Chimneypiece wall of the Print Room, Castletown House, Kildare. Photo: with thanks to Steve Shriver
The humdrum Lady Caroline Fox (who breakfasted at Mrs Vesey’s with Mrs Delany and then helped cut out frames for prints while it rained) was the married incarnation of Caroline Lennox, one of the five daughters of the 2nd Duke of Richmond. One of her sisters, Emily, married James Fitzgerald, Earl of Kildare and later 1st Duke of Leinster, and made her own print room at Carton House, Kildare , and another sister, Louisa, married Thomas Conolly of Kildare, and was responsible for the print room at Castletown House:
‘The print-room was assembled by pasting prints on to cream-painted wallpaper, surrounding them with elaborate frames with bows and swags cut from printed sheets and then hanging whole sections on to the walls…
…Louisa’s print-room satisfied her immoderate desire for swagging… and her pleasure in planning, ordering and balancing.’ 
Print Room, Castletown House, Kildare, showing the extravagant frame and hanging bows on William Woollett’s print, 1761, after Richard Wilson’s The destruction of Niobe’s children, 1760, and some of the exuberant floral festoons
Here, there are innumerable different borders, and practically every picture has its bunch of ribbons, chains, or lion’s head hook, or pendant husks, whilst around them festoons and drops of flowers depend from further bows and lions’ heads. The result would probably have driven the Egremonts from the room, but the symmetry of the arrangements and the rhythmic curves of the festoons give an overall effect of animation and great charm.
Print Room, Castletown House, Kildare
It is quite a large room, when compared with the small closets which were often remade as print rooms, and was – also uncharacteristically – relatively full of traffic, being
‘…the antechamber to the state bedroom where “Speaker” Conolly held morning levees in royal fashion.’
Louisa’s family were drawn in to supplying her with engravings, and Stella Tillyard quotes from her account books, as well as her letters, to document the progress of the print room:
‘Prints were sold either individually or in packets of four, six, ten or more. In 1766 [Louisa] wrote to Sarah [another Lennox sister]: “any time that you chance to go into a print shop, I should be obliged to you if you would buy me five or six large prints. There are some of Teniers, engraved by Le Bas [and used by the Egremonts at Petworth], which, I am told are larger than the common size. If you meet with any, pray send a few.” …Print rooms were sufficiently numerous for printers to produce pattern sheets from which borders were cut out and assembled.’

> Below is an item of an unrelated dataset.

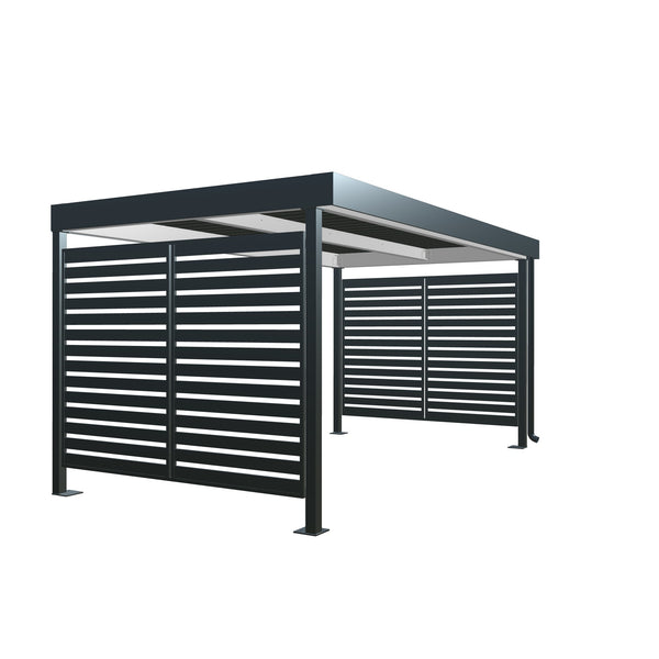 Prístrešok je možné osadiť bočnými stenami s výplňami z dreva, WPC, hliníka alebo iných materiálov.

Louise’s nephew, son of the sister Emily who was making a print room at Carton House, sent her prints from Rome, while she herself ‘Paid Mr Bushell for prints, £1: 2: 2 ½’ in 1766 . Such payments presumably also included the sheets and packets of borders, corners, and the associated ornaments.
Robert Strange’s print after Poussin, The judgement of Hercules, Print Room, Castletown House, Kildare
Print after Guido Reni, The abduction of Helen, Print Room, Castletown House, Kildare
Robert Strange’s print, 1755, after Andrea Sacchi, Marcantonio Pasqualini crowned by Apollo, 1641, Print Room, Castletown House, Kildare
There must have been – unlike at Petworth – a great many of these accessories purchased, since the Castleworth ‘frames’ are very imaginative and varied. Like the Petworth borders, they were built up by assembling several mouldings side by side, or by adding a run of ornament to a plain frieze – there was just much more choice for Louisa in getting the results she wanted. And unlike the Petworth borders, there were lots of additional elements; so that a frame could be enriched further by pasting decorative corners over a simple mitre, or by being ‘hung’ from chains, large ornamental rings or bows of cord or ribbon. The final designs had very little to do with the nationality and period of the picture behind the print; but then 18th century collectors weren’t generally concerned with the style of the original frame when they added another painting to their galleries. Sometimes there might be a contemporary giltwood frame which survived to accompany its painting, and occasionally Louisa’s inventions similarly coincided, fortuitously, with the right style for her print – for example, the Baroque pattern, above, on Robert Strange’s print after Andrea Sacchi , achieved by the addition of several borders.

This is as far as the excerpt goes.